Friday, September 28, 2007

Brainwave voting?

Tired of endless political campaigns? The long, big talks, the attacks and blows candidates deliver at each other, the surface-ish debates, the marketing, the brainwashing... In short, the whole image competition that drives deep thinking and real issues down the farthest layer in the ground?

Wouldn't it be nice to just say "Hey, THAT's how I want my country to be, now please make it so" in a matter of seconds, and then be done with it? Yeah ok, I may be dreaming a bit to colorfully here...

Still, we may not be that far from such kind of possibility. Actually, a study, conducted by David Amodio (psychologist from New York University), demonstrated that brains of people with a "progressive" tendency show themselves to be more flexible in their thinking, whereas self-pretended "conservatives" are more prone to react quickly, spending a bit less time on thought.

While this conclusion is a wee bit simplistic, some critics have developped the matter more thoroughfully, comparing other studies with Amodio's and, amongst other things, linking Liberals' thinking with neurotics, and Conservatives' with antisocials. Wheew. Aren't we getting a bit worked up here?

In response to the many critics that reacted upon his study, Amodio has provided answers of his own to many of the interrogations that he were faced with. In short, he explains that his study has been quite "misconstrued and sensationalized in the media, as well as among science bloggers", so that people may believe that their conclusion is as simple and direct as "liberals are this and conservatives are that". In fact, they merely reported a correlation, but never did they pretend to interpret its implications or denied that there most certainly are third factors to political views. In other word, don't give this study more credit and importance than it dares give itself.

I'm quite reassured by those answers, because that would actually have been my point.
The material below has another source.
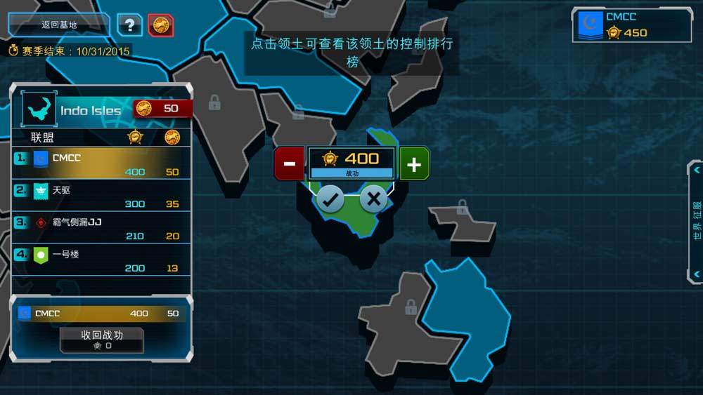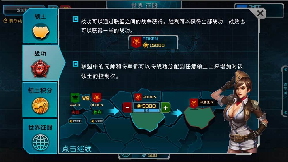 联盟中的大元帅或是大将能将战功安排到随意领地上,来提高对于该领地的管控权。

Great, this study contributes in understanding the many inner workings of political views, but in no fashion can it be complete, and neither can a brain scan, restricted to the studied subject, replace actual decision-making by voters.

Hell, I claim myself more "progressive", yet I did vote for the Conservative Party in the last Canadian Federal elections. My point being, oftentimes our voting decisions may go somewhat against our inner beliefs, but for the sake of what position the country or state is currently in; what needs to be done, etc.

In conclusion, we're far from replacing good ol' voting. But still, we may be one step closer to comprehending the many differences among people's political views and beliefs. Good thing, isn't it?